• [Work instruction]: All of the data is to be written out again exactly, without the pictures.

### Excerpted records

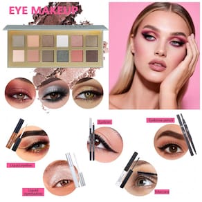 O conjunto oferece base líquida, primer facial, duas paletas de corretivo com 21 tons variados e pó bronzeador para uniformização da superfície cutânea. Ferramentas para olhos incluem máscara para cílios, delineador líquido, delineador em lápis, sombra líquida e lápis para sobrancelhas, garantindo aplicação controlada e definida.
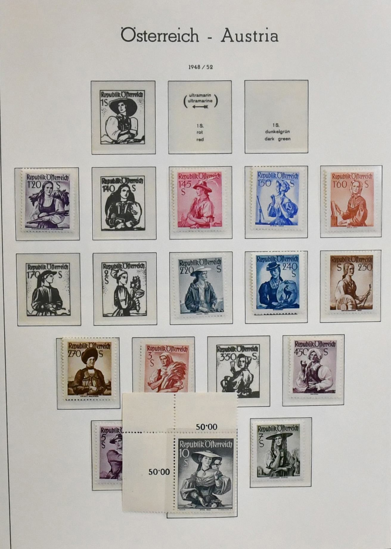 Österreich, 1945/70, postfr. Slg. mit u.a. Nr. 952/54, 960/63 usw., von 1954-1970 kpl., auf Borek-Vordrucken. Mi. über 1000,-
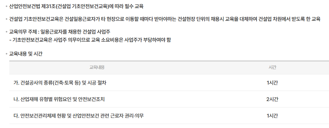 건설업 기초안전보건교육의 목적과 필요성
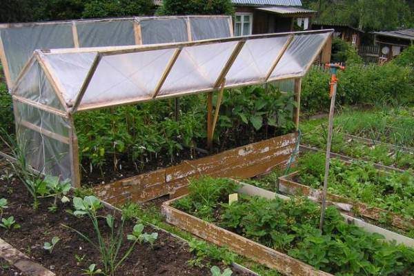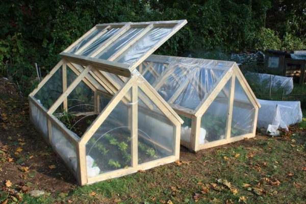 Film veya polikarbonat levhalarla kaplı torna çerçevelerinin konstrüksiyonları. Çerçeve tabanı, kutu veya ev şeklinde monte edilir. bir çubuktan veya panolardan.
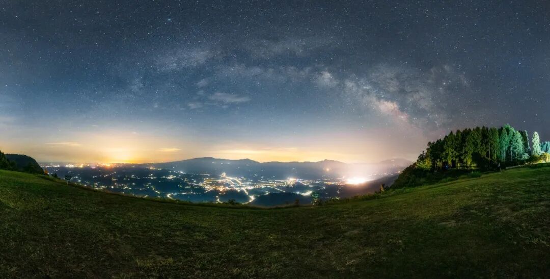 因为天气和其他原因许久没在家乡见到星空,前几天和朋友约着去小镇后面的山上看看日落,火烧云没等到,反而日落后迎来了一个光板天,于是决定等到晚上拍一下星空;天黑后前往提前踩好点的平台,刚到草坪上时我们都被眼前的景象所震撼,左边远处还可以看见洪雅县城的灯光,一路延伸至眼前,脚下是从洪雅到花溪和柳江镇的万家灯火,右边还能隐约看见峨眉金顶的灯光,头顶却是十分璀璨的漫天星辰,以及横跨整个洪雅县的银河,这就是我最喜欢的场景之一,脚下万家灯火,头顶星光璀璨,人与自然的和谐共生。
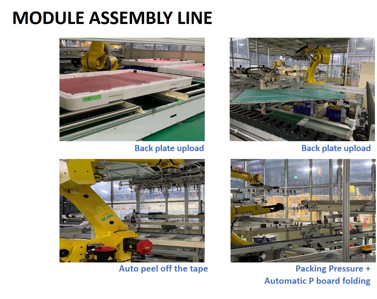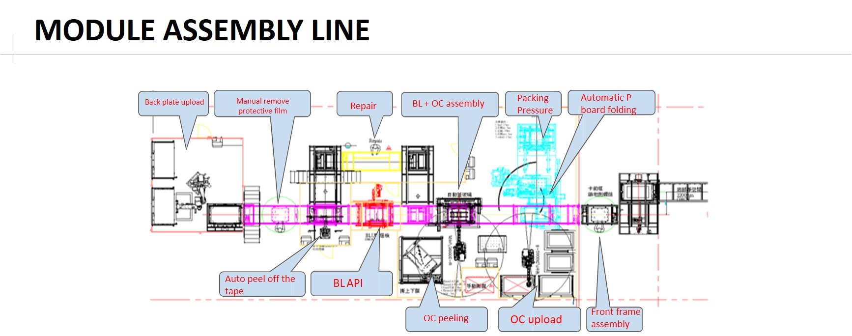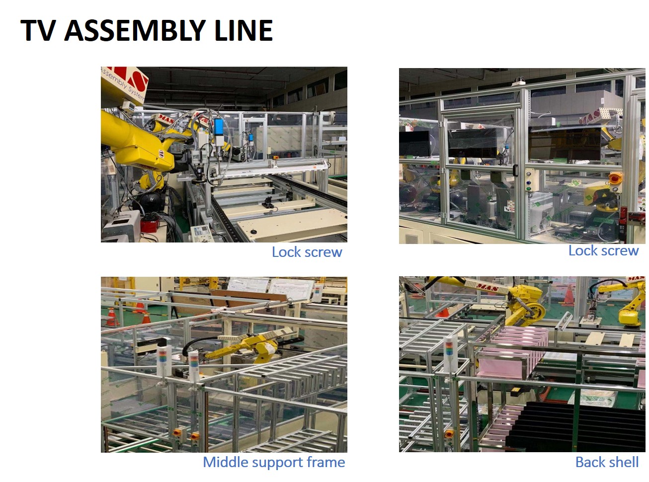| Comments: | Item ∣ Description ∣ Capacity / Spec ∣ Remark 1 ∣ TV size ∣ 50” ~ 75” 2 ∣ Capacity ∣ 25K/M ∣T/T : 80sec 3 ∣ How to load the material ∣ MGV / AGV 4 ∣ Change mode ∣ Partially automated 5 ∣ Automation ratio ∣ >80% 6 ∣ Industry 4.0 including 1. Module assembly line 2. TV assembly line 3.TV test line 4.TV packaging line 5.TV assembly line Quality inspection system 1.BL API (with AI function)
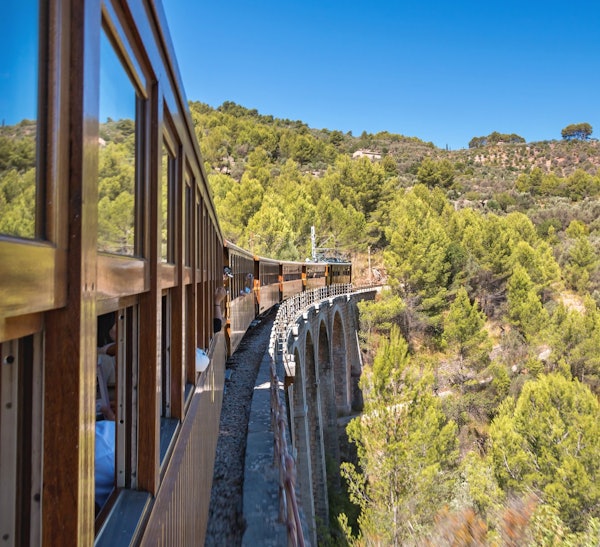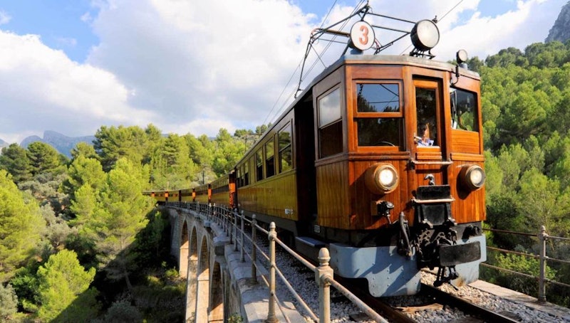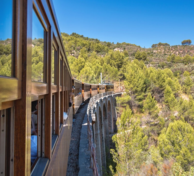 See olive groves and orange trees, pass the natural barriers of the Alfábia Mountains, chug through 13 tunnels, and cross several bridges and a famous viaduct. Reaching the city of Palma is a real old-school adventure.
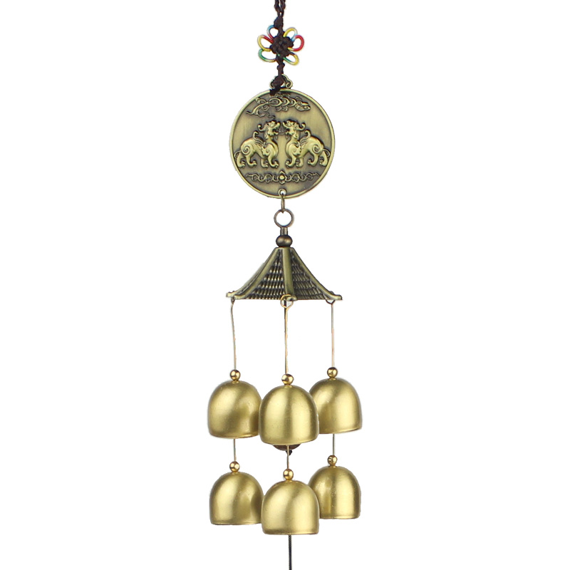 新款純銅鈴鐺風鈴 雙層六鈴鐺 七鈴鐺 總長55cm左右 寬度8cm左右 單個鈴鐺直徑2.8cm 招財神獸。中國古代風水學者認為貔貅是轉禍為祥的吉瑞之獸。從古至今,上至帝王、下至百姓都很注重收藏和佩戴貔貅,貔貅除了招財、開運、辟邪的功效之外,還有鎮宅、化太歲、促姻緣等作用。中國傳統有裝飾“貔貅”的習俗,貔貅寓意豐富,人們相信它能帶來歡樂及好運

######

• [Output of the task]:
 O conjunto oferece base líquida, primer facial, duas paletas de corretivo com 21 tons variados e pó bronzeador para uniformização da superfície cutânea. Ferramentas para olhos incluem máscara para cílios, delineador líquido, delineador em lápis, sombra líquida e lápis para sobrancelhas, garantindo aplicação controlada e definida.
 Österreich, 1945/70, postfr. Slg. mit u.a. Nr. 952/54, 960/63 usw., von 1954-1970 kpl., auf Borek-Vordrucken. Mi. über 1000,-
 건설업 기초안전보건교육의 목적과 필요성
 Film veya polikarbonat levhalarla kaplı torna çerçevelerinin konstrüksiyonları. Çerçeve tabanı, kutu veya ev şeklinde monte edilir. bir çubuktan veya panolardan.
 因为天气和其他原因许久没在家乡见到星空,前几天和朋友约着去小镇后面的山上看看日落,火烧云没等到,反而日落后迎来了一个光板天,于是决定等到晚上拍一下星空;天黑后前往提前踩好点的平台,刚到草坪上时我们都被眼前的景象所震撼,左边远处还可以看见洪雅县城的灯光,一路延伸至眼前,脚下是从洪雅到花溪和柳江镇的万家灯火,右边还能隐约看见峨眉金顶的灯光,头顶却是十分璀璨的漫天星辰,以及横跨整个洪雅县的银河,这就是我最喜欢的场景之一,脚下万家灯火,头顶星光璀璨,人与自然的和谐共生。
| Comments: | Item ∣ Description ∣ Capacity / Spec ∣ Remark 1 ∣ TV size ∣ 50” ~ 75” 2 ∣ Capacity ∣ 25K/M ∣T/T : 80sec 3 ∣ How to load the material ∣ MGV / AGV 4 ∣ Change mode ∣ Partially automated 5 ∣ Automation ratio ∣ >80% 6 ∣ Industry 4.0 including 1. Module assembly line 2. TV assembly line 3.TV test line 4.TV packaging line 5.TV assembly line Quality inspection system 1.BL API (with AI function)
 See olive groves and orange trees, pass the natural barriers of the Alfábia Mountains, chug through 13 tunnels, and cross several bridges and a famous viaduct. Reaching the city of Palma is a real old-school adventure.
 新款純銅鈴鐺風鈴 雙層六鈴鐺 七鈴鐺 總長55cm左右 寬度8cm左右 單個鈴鐺直徑2.8cm 招財神獸。中國古代風水學者認為貔貅是轉禍為祥的吉瑞之獸。從古至今,上至帝王、下至百姓都很注重收藏和佩戴貔貅,貔貅除了招財、開運、辟邪的功效之外,還有鎮宅、化太歲、促姻緣等作用。中國傳統有裝飾“貔貅”的習俗,貔貅寓意豐富,人們相信它能帶來歡樂及好運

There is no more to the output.